- Portrayed by: Tony Hirst
- Duration: 2006–2010, 2016–2017
- First appearance: 30 January 2006
- Last appearance: 8 September 2017
- Introduced by: David Hanson (2006) Bryan Kirkwood (2016)

= Mike Barnes (Hollyoaks) =

UK soap opera character, created 2006

Mike Barnes is a fictional character from the British Channel 4 soap opera Hollyoaks, played by Tony Hirst. He first appeared on 30 January 2006. In 2010, soap opera magazine Inside Soap reported that the character would leave in late January with love interest Zoe Carpenter (Zoë Lister). This was later confirmed. The character briefly returned in August 2016 and again in March 2017, where his youngest daughter Amy Barnes (Ashley Slanina-Davies) was killed off in a "whodunit" storyline. He returned again in September 2017 giving evidence against Ste Hay (Kieron Richardson) during Amy's murder trial.

==Development==
In 2010, it was announced that Hirst had decided to leave the show.
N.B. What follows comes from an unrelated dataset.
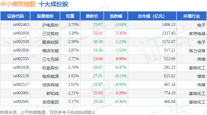 证券之星消息,12月31日,中小绩效(399658)指数报收于4925.26点,跌0.16%,成交1383.52亿元,换手率1.66%。当日该指数成份股中,上涨的有33家,三花智控以5.35%的涨幅领涨,下跌的有62家,信立泰以4.33%的跌幅领跌。
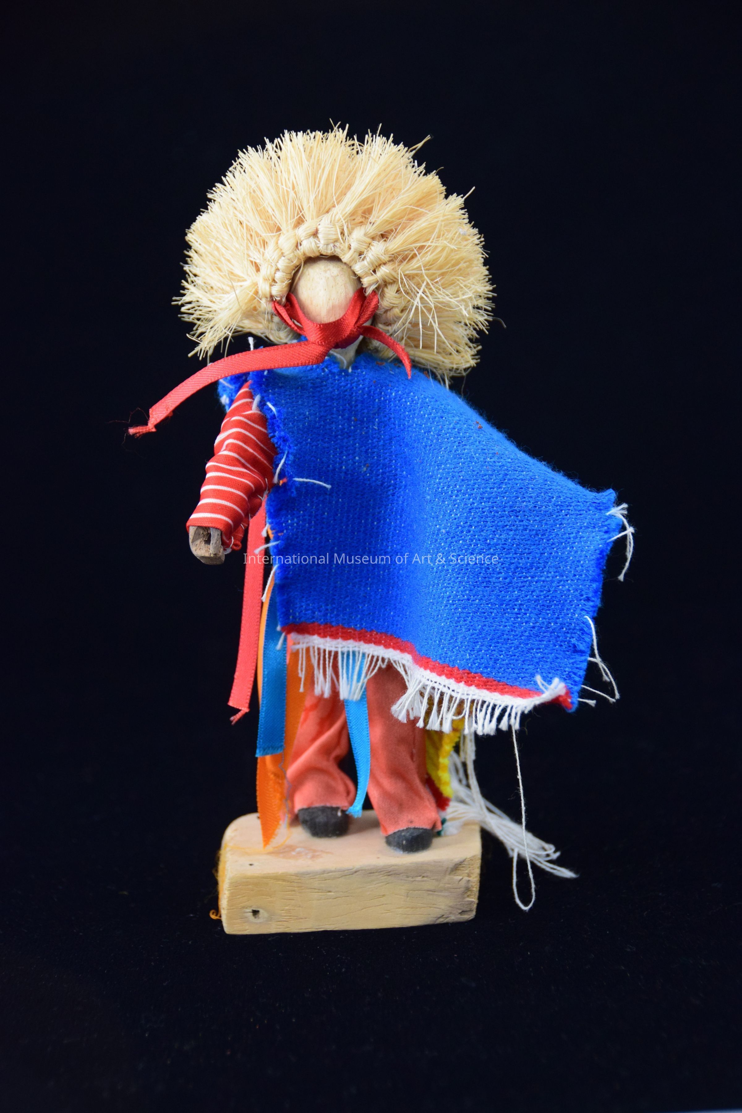 Miniature Parachico dancer. Headdress of ixtle; wears mask, dressed in orange/black print pants.Artwork Details

Speaking about his decision to quit to Digital Spy, Hirst said: "I've been there four years, I've had a great time, I love the place and I love the people dearly – but I need to freshen up. I need a new challenge, I need to play different characters, and it would be very easy for me to stay there for a long period of time and I don't think that would be any good to anybody. It also fitted in with the timing of the storyline of Sarah's death and Kathy being continually sectioned and Amy growing up. It would be difficult for them to shoehorn [any more] storylines in for Mike."

When asked whether his decision was based on lack of storylines, Hirst stated: "I'd be lying if that wasn't part of the reason but in fairness I always said to [[Bryan Kirkwood|Bryan [Kirkwood] ]] and to [[Lucy Allan (producer)|Lucy [Alan] ]] that I'd rather have quality than quantity. I've been lucky to be involved in some really great storylines and I'm really grateful. That's always been the nature of the show and it's probably right for that. We can hold our heads up against any of the other soaps but what's the point in doing another adult-oriented show? One of its strengths is its youth and vitality. In terms of the adult storyline, I've always known the score really and I've always trusted Bryan and Lucy in their intent."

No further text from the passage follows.